Chapter 4 #2

“Fuck off, Deck. If that’s how you want to play it, I’m out of here.”

When I turned to leave, but Decker grabbed my arm and stopped me. “Wait.”

He dropped his hand and didn’t make any move to touch me again. And like a damn glutton, I stood there waiting… Hoping—for what? I sure as hell didn’t know.

“Decker,” I repeated his name, willing him to hear the earnestness in my voice. The want I had in my heart.

“I know it’s no excuse, but you have no idea how hard it is for me to stand here,” he breathed out, like it pained him to admit that.

“Me too.” My heart ached at the two words I spoke.

“You saw Regi.” It was a statement, not a question.

Relief flashed through me that Decker had also seen our girl. “Yes. I thought… I was seeing things. Guess I wasn’t. Did you keep in touch with her?”

He shook his head. “No.” There was so much emotion in that single word, that it cut me deep. “You?”

“No.” This whole time, I thought I was the one left out. But I was wrong. None of us kept in touch.

“I thought… This entire time, I thought you and her…” Decker turned away, as though he too was affected by the news.

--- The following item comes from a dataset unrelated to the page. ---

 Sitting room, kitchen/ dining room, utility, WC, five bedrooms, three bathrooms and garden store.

Relief hit hard, tangled with sorrow and the images I’d painted in my head of Regina and Decker living life without me. But the truth was worse—we’d each been alone in this miserable world, and that somber thought made me tear up.

“God, Deck. After all this time, you two pop back into my life—on the same night. It’s too damn coincidental. I don’t know what to think. It must be double whammy day,” I admitted, turning away and swiping at my wet eyes.

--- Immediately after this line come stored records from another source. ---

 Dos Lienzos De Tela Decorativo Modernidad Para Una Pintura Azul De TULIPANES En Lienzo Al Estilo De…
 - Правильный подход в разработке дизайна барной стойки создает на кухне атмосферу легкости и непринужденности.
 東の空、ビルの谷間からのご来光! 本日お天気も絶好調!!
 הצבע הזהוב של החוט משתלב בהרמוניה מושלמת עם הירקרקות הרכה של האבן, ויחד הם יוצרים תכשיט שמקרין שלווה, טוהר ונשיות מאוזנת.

“Double whammy day?” With a soft snort of laughter, Decker faced me again with a smile so genuine it melted my trepidation. “Look at you. I don’t ever remember you looking this beefed up back then. You look good, K.” He pointed up and down my body.

I wanted to preen at his compliment—at the familiar nickname only he had called me. But this wasn’t the place to get reacquainted with my best friend. “Why don’t we get out of here. There has to be a place where we can get something to eat. I’m starving.”

“I don’t think so, K,” he said mindfully.

“All together again, in one city, after all this time? You’re right.

This is too coincidental for my liking. I doubt the three of us being here was by chance.

” The semi-easy banter Decker had spouted moments ago was gone, and replaced with a cold, hard resolve.

“You came for a fight. I came for a mark. And Regi was here… Why?”

That question hung in the air like a stationary pendulum, waiting for the right answer to bump it into motion again, and that answer suddenly clicked in my head. “She lives in Chicago.”

“Most likely,” Decker chimed in, his agreement raising a red flag.

“Who would organize something this elaborate, just to bring the three of us together?”

And yet, if I thought about it hard enough, with the situation that had separated us so long ago, I could accept that sliver of coincidence, and that we were here together purely by chance.

Sirens in the distance cut off my thoughts. We both went stock still and listened. While I looked to my left, Decker scanned toward the right.

“Go,” Decker ordered with finality, reaching into his zipped-up hoodie and pulling out a handgun.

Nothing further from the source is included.